[THE INPUT Boundary: Start]

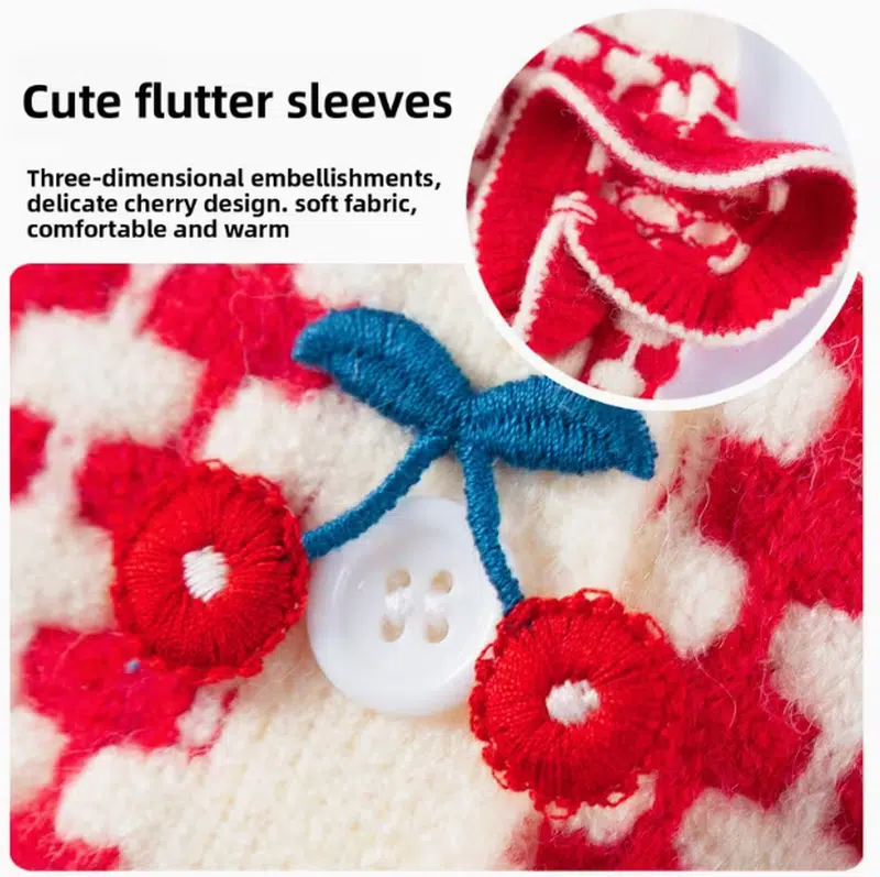 | Design Highlights | Red/cream plaid knit, flutter sleeves, 3D cherry decorations |
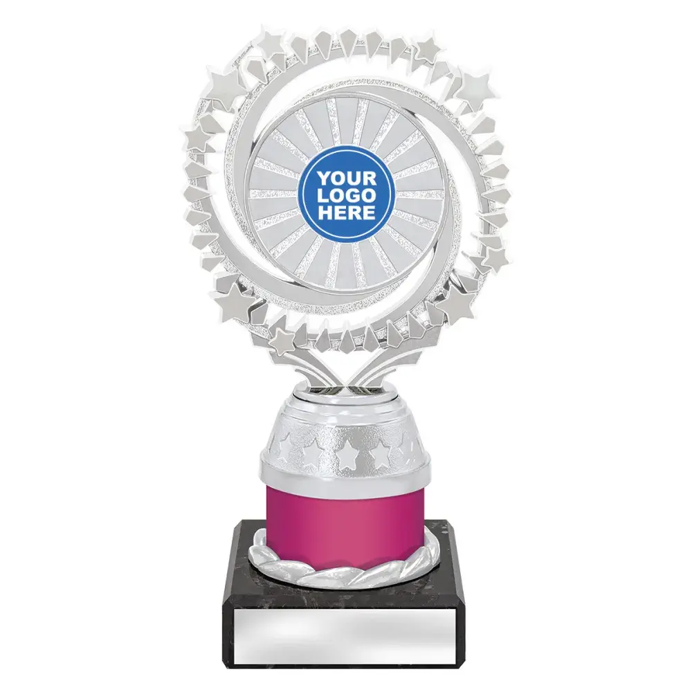 Cosmic series of affordable trophies feature star spangled holder in gold or silver - choose colour of column to suit your order. Suit 25 or 50mm centre insert.
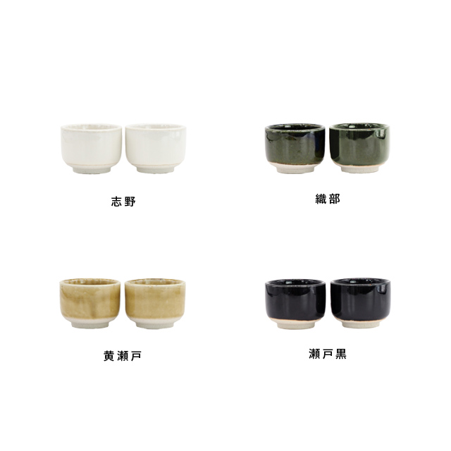 カラーは4種類。とろけるような自然な白色の"志野"・深い緑色の味わいが渋い"織部"・あたたかい黄味を帯びた"黄瀬戸"・黒く艶やかな"瀬戸黒"からお選びいただけます。
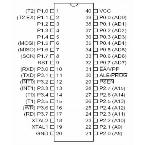 | Atmel | AT89S51 | 128 Bytes | 4 KBytes | 2 MIPS @ 24MHz |
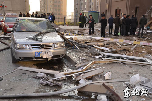 17日5时许,鸡西市龙山国际小区3号楼2单元住宅楼发生爆炸起火,造成多间房屋受损。
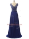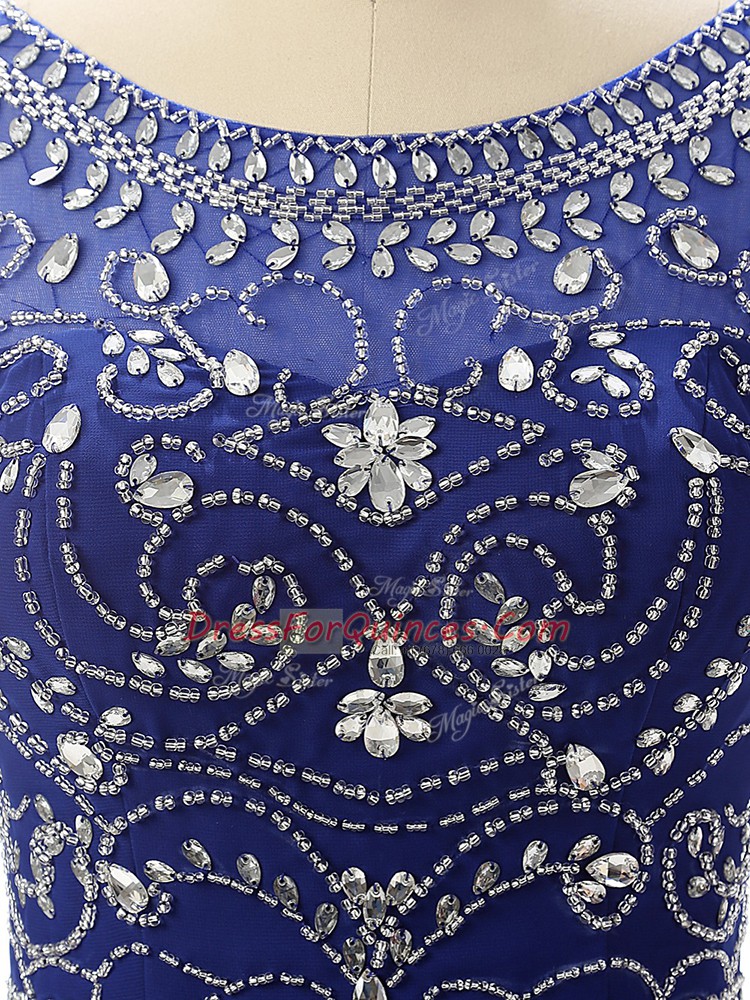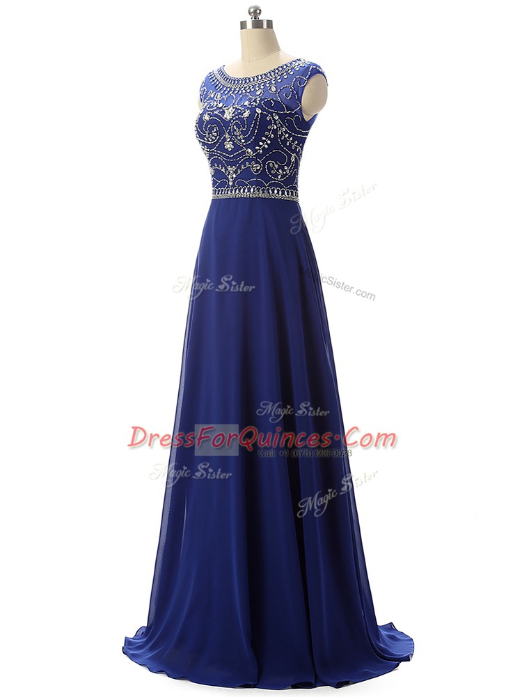 Royal Blue Sleeveless Floor Length Beading Zipper Prom Gown
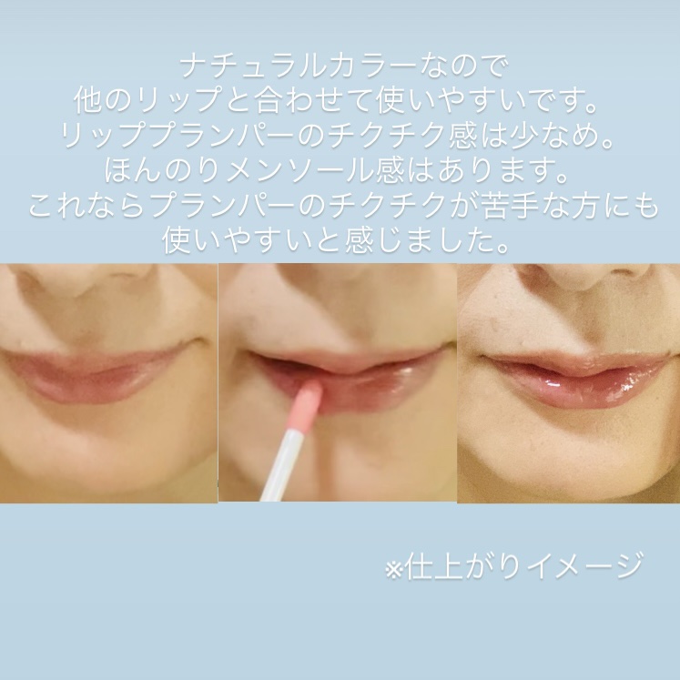 キューミーボムショットリッププランパーはチクチク感を余り感じなくてメンソールっぽい使用感で使いやすいですね👌 ナチュラルなカラーなので粘膜リップとしても使えるところが良いです◎ 夜はリップパックとしてたっぷり塗っています。 液垂れしにくい容器なのもポイント高いです💜

[THE INPUT Boundary: End]

■ **TASK INSTRUCTIONS**
Starting with the line that contains "17日5时许,鸡西市龙山国际", print every line through the end of the data exactly as written; omit all pictures and add nothing else.

■ **EXERCISE RESPONSE**
 17日5时许,鸡西市龙山国际小区3号楼2单元住宅楼发生爆炸起火,造成多间房屋受损。
 Royal Blue Sleeveless Floor Length Beading Zipper Prom Gown
 キューミーボムショットリッププランパーはチクチク感を余り感じなくてメンソールっぽい使用感で使いやすいですね👌 ナチュラルなカラーなので粘膜リップとしても使えるところが良いです◎ 夜はリップパックとしてたっぷり塗っています。 液垂れしにくい容器なのもポイント高いです💜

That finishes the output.